Here is some hint to get you started: $$\newcommand{\a}{\boldsymbol{a}}\newcommand{\b}{\boldsymbol{b}}\newcommand{\c}{\boldsymbol{c}}\newcommand{\u}{\boldsymbol{u}}\newcommand{\v}{\boldsymbol{v}}\newcommand{\w}{\boldsymbol{w}} (\u\times \v)\times \w = (\u\cdot \w)\v - (\v\cdot \w)\u.\tag{$\star$} $$ Now in the bracket you have: $$ (\b\times \c) \times (\c\times \a) = \big(\b\cdot (\c\times\a)\big)\c - \big(\c\cdot (\c\times \a)\big)\b. $$ What is $\c\cdot (\c\times \a)$? Don't hover the mouse over the formula below if you wanna work by yourself first:

$\c\cdot (\c\times \a) = - \a\cdot (\c\times \c) = 0$. Or you could argue that $\c\times \a$ produces a vector perpendicular to either $\a$ or $\c$.

Next step is to use (spoiler alert again)

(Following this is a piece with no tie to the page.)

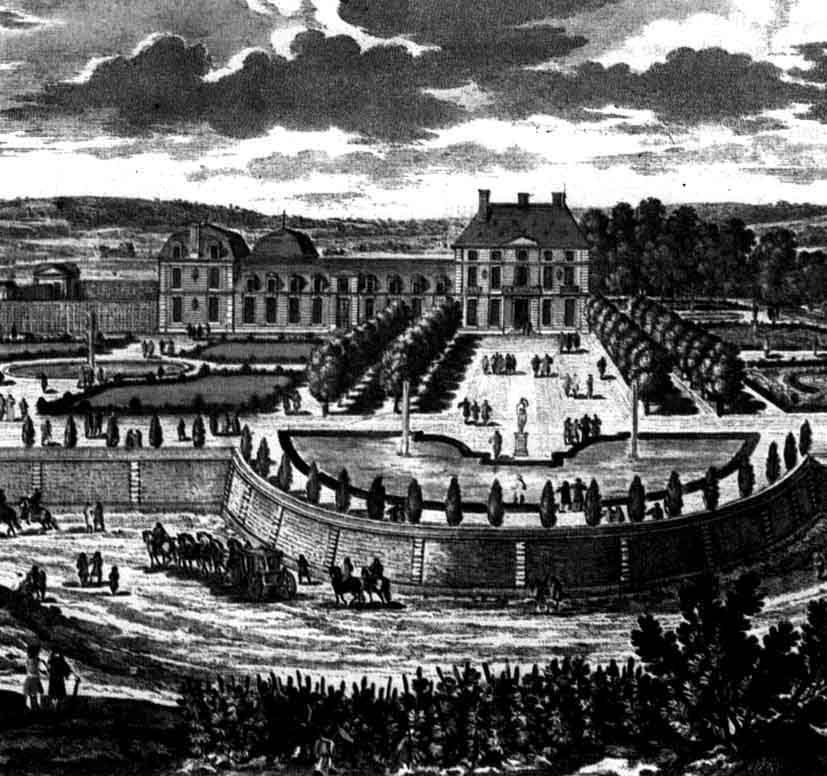 The château de Sceaux, old engraving

$\b\cdot (\c\times\a) = \a\cdot (\b\times\c)$, then you have $$(\a \times \b)\cdot \big((\b\times \c) \times (\c\times \a) \big) = (\a \times \b)\cdot \Big(\big(\a\cdot (\b\times\c)\big)\c\Big). $$ Recalling $\a\cdot (\b\times\c)$ is a scalar, then what happened?

Formula $(\star)$ can be proved using index notation (easier), or a pure geometric proof like I said in the comments.